▶ [Exercise objective]: Consider the listing below. Extract exactly the lines from the line containing "Introducing our nostalgic" to the line containing "宝石のセット方法や向きはもち", both included.

▶ [Provided records]:

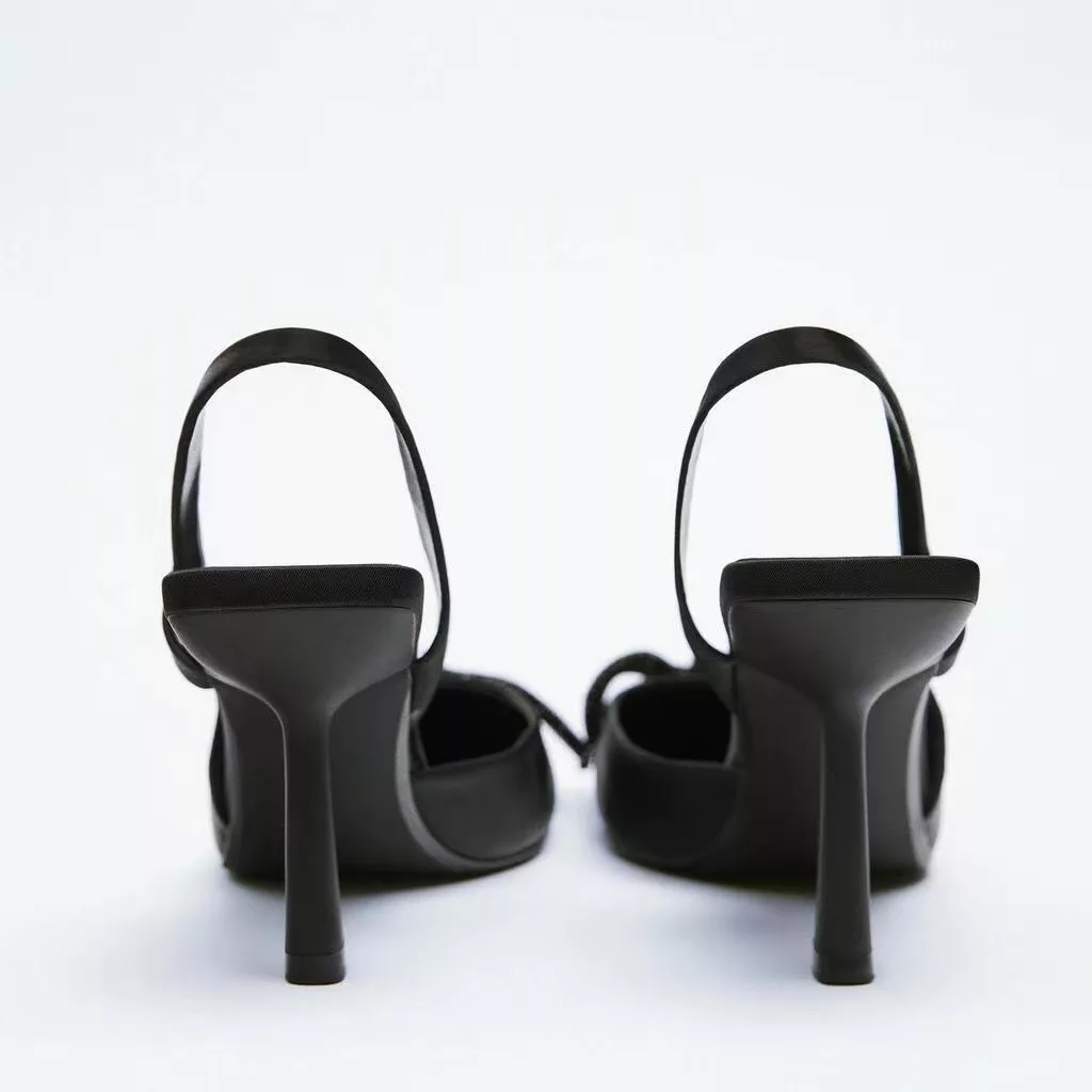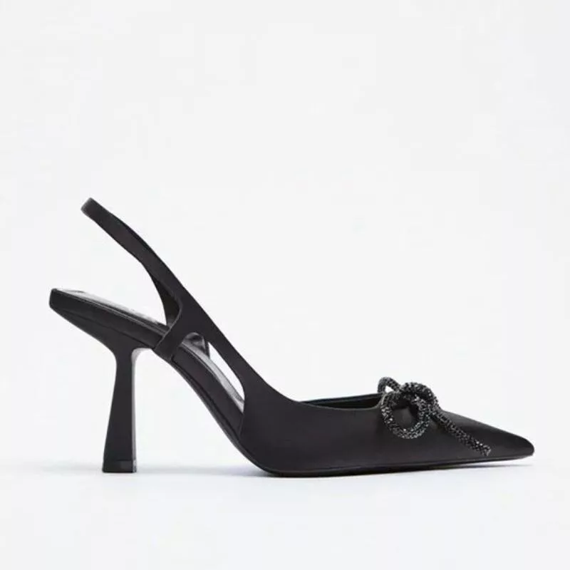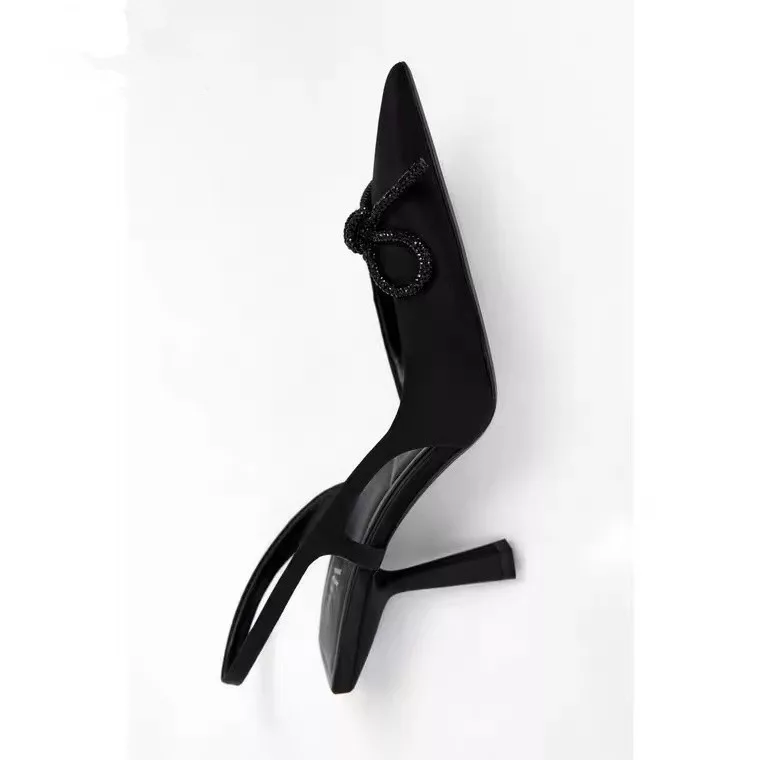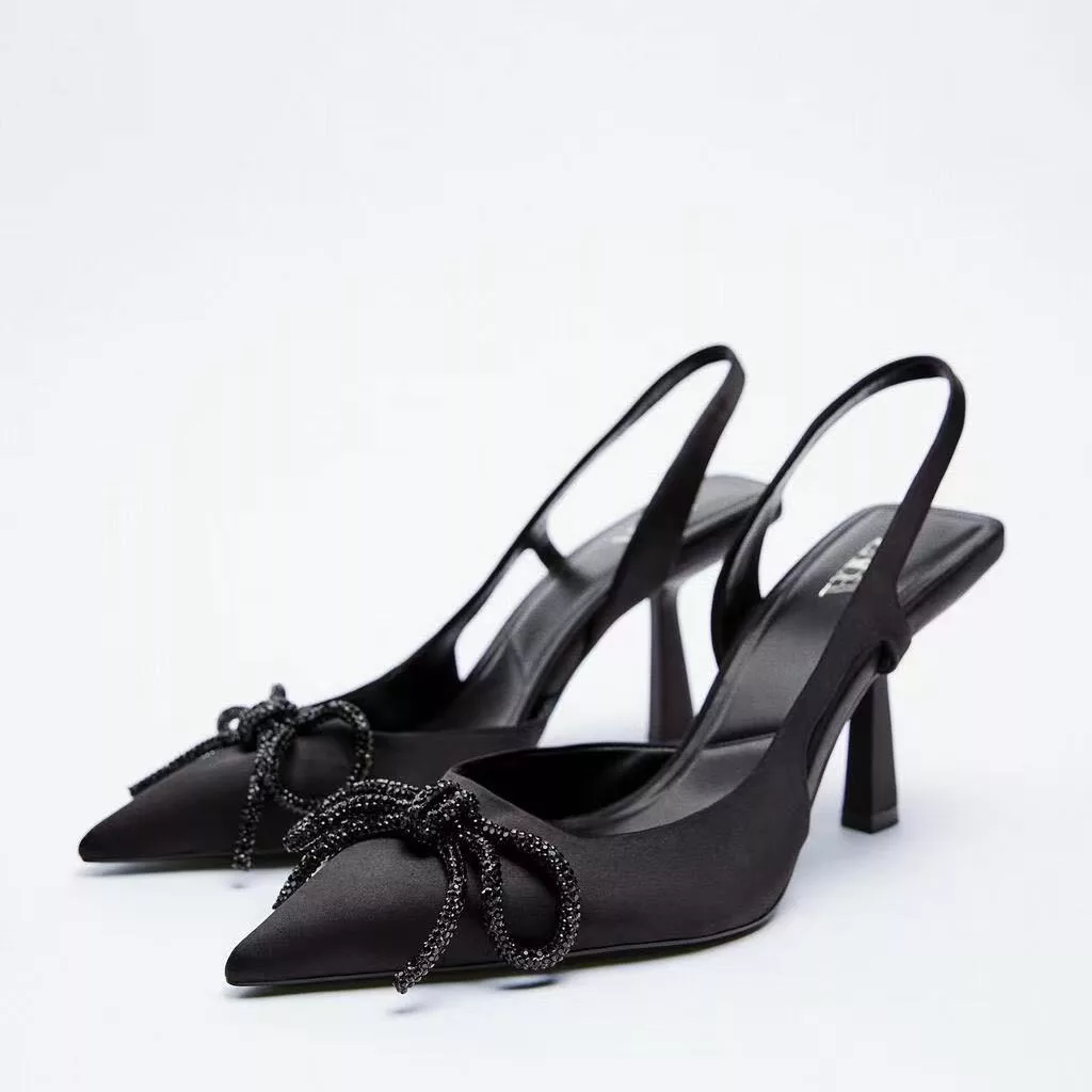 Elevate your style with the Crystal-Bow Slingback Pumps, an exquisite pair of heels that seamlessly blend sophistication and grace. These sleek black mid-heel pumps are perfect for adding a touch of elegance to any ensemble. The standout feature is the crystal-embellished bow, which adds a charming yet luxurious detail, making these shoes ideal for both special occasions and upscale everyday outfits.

==

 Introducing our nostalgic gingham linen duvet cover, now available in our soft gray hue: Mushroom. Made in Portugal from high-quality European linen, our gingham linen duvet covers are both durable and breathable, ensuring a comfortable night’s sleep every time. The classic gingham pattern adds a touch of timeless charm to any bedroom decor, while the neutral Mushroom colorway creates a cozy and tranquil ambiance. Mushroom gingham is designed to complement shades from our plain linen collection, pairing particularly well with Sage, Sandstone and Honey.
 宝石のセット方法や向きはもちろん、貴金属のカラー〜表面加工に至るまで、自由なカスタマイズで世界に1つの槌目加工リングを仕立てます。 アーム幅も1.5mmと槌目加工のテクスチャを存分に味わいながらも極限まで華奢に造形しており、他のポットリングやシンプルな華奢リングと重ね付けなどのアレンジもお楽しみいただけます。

▶ [Task output]:
 Introducing our nostalgic gingham linen duvet cover, now available in our soft gray hue: Mushroom. Made in Portugal from high-quality European linen, our gingham linen duvet covers are both durable and breathable, ensuring a comfortable night’s sleep every time. The classic gingham pattern adds a touch of timeless charm to any bedroom decor, while the neutral Mushroom colorway creates a cozy and tranquil ambiance. Mushroom gingham is designed to complement shades from our plain linen collection, pairing particularly well with Sage, Sandstone and Honey.
 宝石のセット方法や向きはもちろん、貴金属のカラー〜表面加工に至るまで、自由なカスタマイズで世界に1つの槌目加工リングを仕立てます。 アーム幅も1.5mmと槌目加工のテクスチャを存分に味わいながらも極限まで華奢に造形しており、他のポットリングやシンプルな華奢リングと重ね付けなどのアレンジもお楽しみいただけます。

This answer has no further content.